March 28, 2022

13 min read

Scaling Slack’s Mobile Codebases: Modularization

Tracy StampfliPrincipal Software Engineer, iOS

Bryan SternStaff Software Engineer, Android

Photo by Yulissa Tagle on Unsplash

In the first post about the Duplo initiative, we discussed the reasons for launching a project to revamp Slack’s mobile codebases, and what we accomplished in Duplo’s initial Stabilization phase. This post will explore modularization, and then there will be a third post to describe how we modernized our codebase and the overall results of the project.

As we explained in the first post, after Stabilization the goals for the Duplo project were:

Modularization: breaking apart our app target into smaller components to reduce interdependencies, decrease build times, and allow independent development
Modernization: adopting more forward-looking technologies and design patterns, to keep us compatible with industry trends and prepare for other technologies we might be interested in using in future

We originally viewed Modularization and Modernization as two separate phases of the Duplo project, but as we got further into planning we realized that doing them sequentially would cause redundant work, as we would have to refactor much of the code twice. In addition, Android had a greater overall focus on Modularization and adoption of newer technologies, rather than an overall re-architecture, so having a separate Modernization phase didn’t make sense. We made the decision to combine these phases and make them a single effort. This second part of the project lasted a year, starting in February of 2021.
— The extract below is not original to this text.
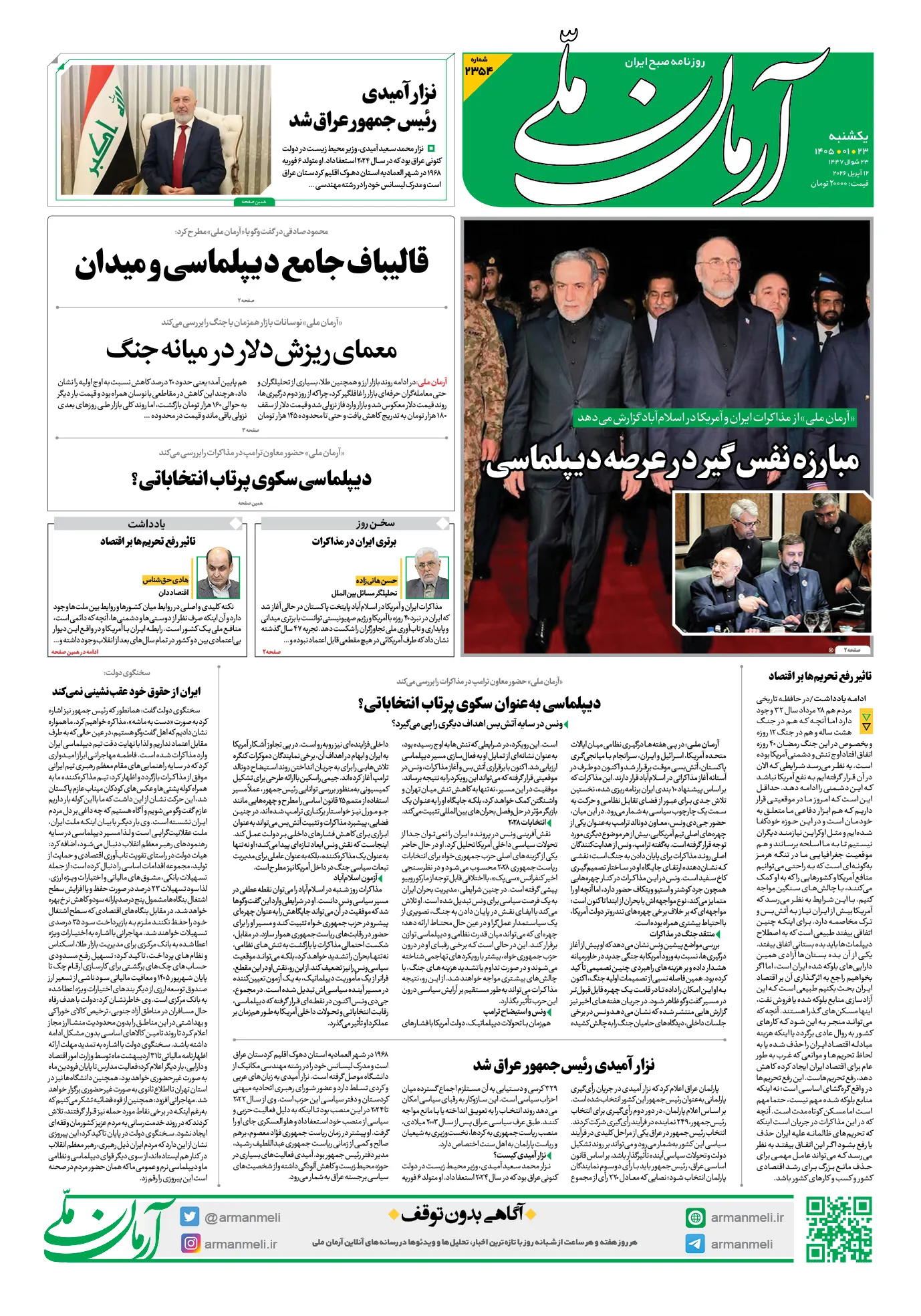 روزنامه آرمان ملی - یکشنبه - ۲۳ فروردین - ۱۴۰۵ - شماره ۲۳۵۴

While we worked on Modularization and Modernization at the same time, we are going to discuss them in two separate posts, because there is much to be said about each effort.
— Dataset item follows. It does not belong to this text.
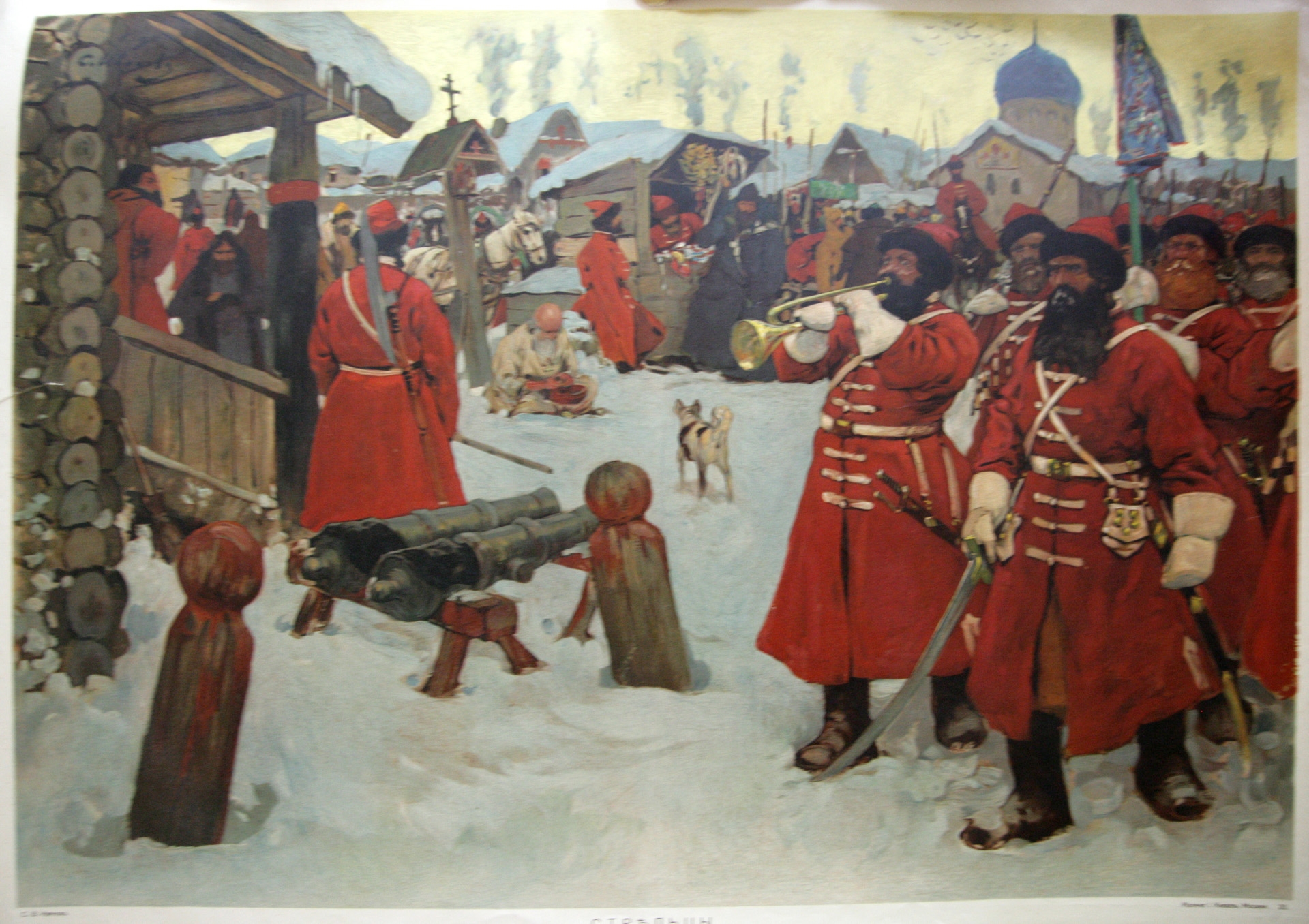 În prim plan, extrema drp - grup de bărbaţi în diverse gestici şi atitudini: unul cîntă la trompetă, altul cu sabia în mînă . Plan secund: o aglomeraţie de oameni, mediu rural de iarnă , surprinşi în mişcare, în diverse gestici. Compoziţie realizată în nuanţe de alb, sur, roşu, maro etc.

As we began the second part of the project, it wasn’t possible for the smaller Duplo core team — which worked on Stabilization — to take on all the effort involved. We needed support and resourcing from across the product teams as well, to ensure we would be able to make a significant impact on all parts of the codebase. In each pillar (product team), we chose a lead who was responsible for planning their Duplo work. These pillar leads worked with the managers and engineers on their teams to determine how best to modernize their part of the codebase, which features to tackle first, and how to share resources between Duplo and regular feature work.
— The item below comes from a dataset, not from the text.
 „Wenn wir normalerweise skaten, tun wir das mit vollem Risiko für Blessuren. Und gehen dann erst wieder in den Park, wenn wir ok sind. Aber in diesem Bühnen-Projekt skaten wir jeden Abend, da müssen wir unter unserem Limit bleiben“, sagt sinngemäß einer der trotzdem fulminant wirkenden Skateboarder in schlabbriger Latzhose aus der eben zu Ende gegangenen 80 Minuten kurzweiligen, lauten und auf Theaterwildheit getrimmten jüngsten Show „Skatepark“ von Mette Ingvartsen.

Involving all the feature teams allowed them to maintain ownership of their code, and ensured developers learned the new design patterns we were adopting with Duplo. There was still a core group of Duplo leads to coordinate the project, help the pillar teams to set goals, and provide advice and help. We held weekly syncs, and of course we also had dedicated Slack channels where we could discuss any issues which came up. The Infrastructure teams on both platforms, in addition to handling their own code, also helped provide extra resources to update other areas of the codebase.

Modularization

We use the word ‘module’ to describe a subproject — generally a static or dynamic framework linked into the app. Prior to Duplo, we had split off some of our infrastructure code into subprojects on both platforms, but most of the code was still in the main app target, and all feature development was happening there. During Duplo, modularization was a key focus of the project, and we made a concerted push to move code out of the app target.

Modularizing the codebase had many benefits:

Improving build times, both locally and in CI. On iOS, we found that the overhead of compiling in our large app target meant that just moving a file into a module, with no other changes, could improve the compile time by seconds.
Allowing developers to build and test their code in smaller targets and reducing the number of files which needed to be rebuilt with any change.
Improving the overall structure of our codebase through clearer separation of responsibilities and disentangling dependencies.
Making it easier for our developers to work independently from one another.

Finally, modularization of our codebase made code ownership clearer. Prior to Duplo, we had a large amount of ‘unowned’ code, or code whose ownership was shared by multiple product teams. As we modularized our codebase, we required that each module have a clear owner — one of the product or infrastructure teams on each platform. By doing this, as we modularized we drove down the amount of unowned code and clarified feature ownership. This also made it easier to track progress of our migration efforts, by clarifying how many lines of code each team was responsible for, and would need to update.

iOS Modularization

In addition to moving code out of the app target into modules, on iOS we wanted to make stricter definitions around how these modules should be structured and what types of code should go in them. We decided to define three different types of modules: Features, Services, and Libraries.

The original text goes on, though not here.